== Task to complete ==
The entries below contain pictures. Write out only the lines from the line with "黄油完全和入面团,表面微光滑用保鲜膜盖好发酵" up to and including the line with "Предназначен для управления", exactly, without them.

== Records shown ==

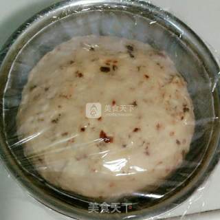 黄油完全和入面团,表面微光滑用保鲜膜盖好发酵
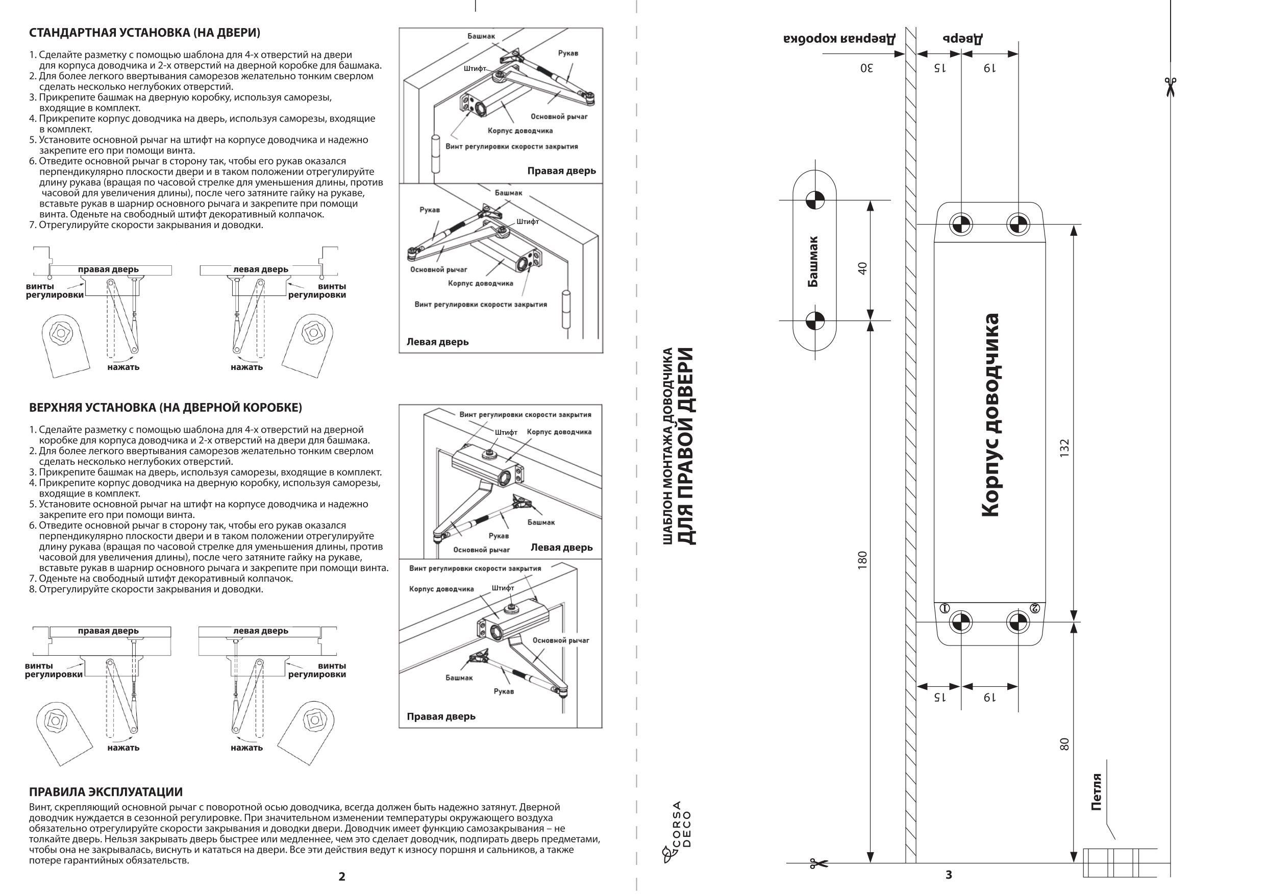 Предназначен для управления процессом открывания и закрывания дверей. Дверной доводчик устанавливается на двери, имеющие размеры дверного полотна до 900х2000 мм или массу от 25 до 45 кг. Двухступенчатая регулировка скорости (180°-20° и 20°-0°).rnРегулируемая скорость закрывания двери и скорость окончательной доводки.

---

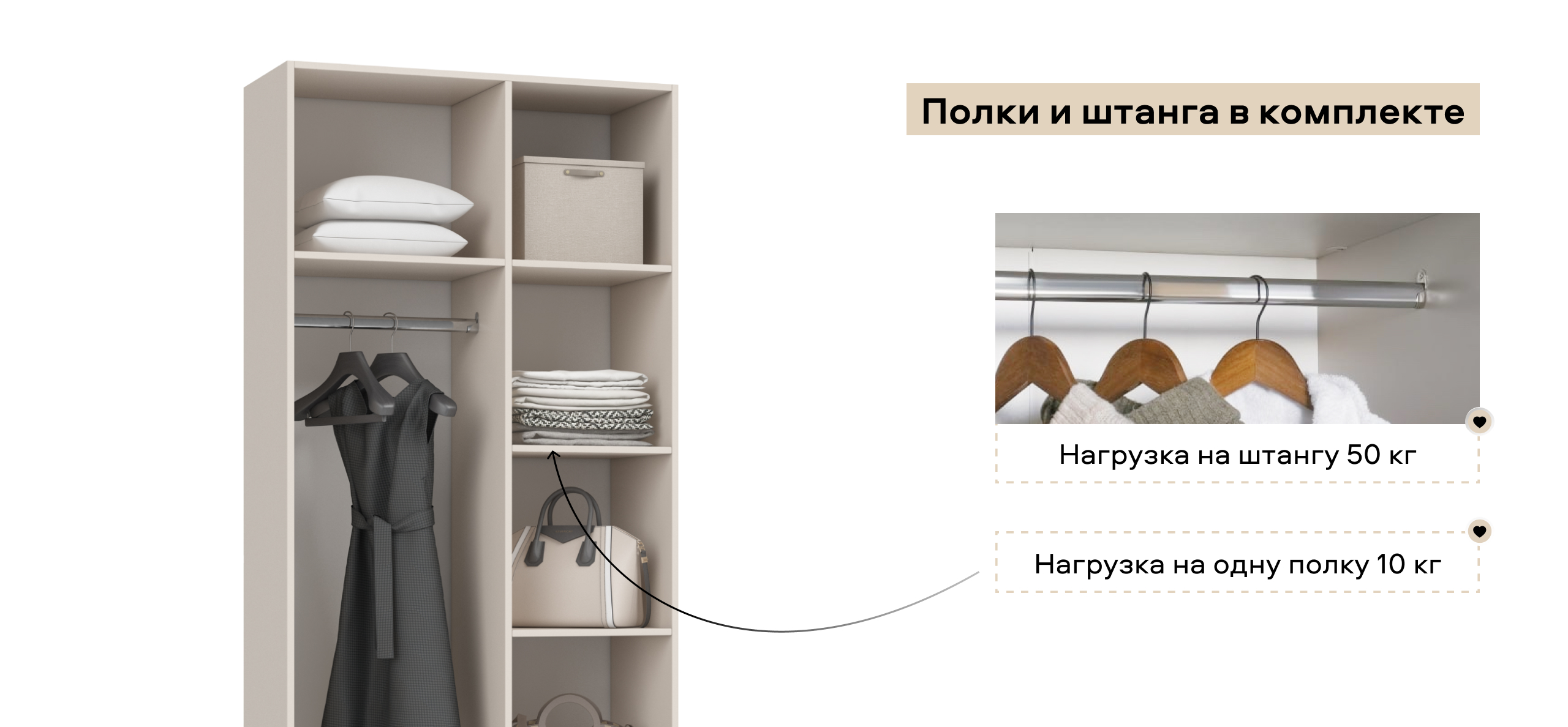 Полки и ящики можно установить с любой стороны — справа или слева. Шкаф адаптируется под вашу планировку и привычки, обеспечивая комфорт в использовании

== Response ==
 黄油完全和入面团,表面微光滑用保鲜膜盖好发酵
 Предназначен для управления процессом открывания и закрывания дверей. Дверной доводчик устанавливается на двери, имеющие размеры дверного полотна до 900х2000 мм или массу от 25 до 45 кг. Двухступенчатая регулировка скорости (180°-20° и 20°-0°).rnРегулируемая скорость закрывания двери и скорость окончательной доводки.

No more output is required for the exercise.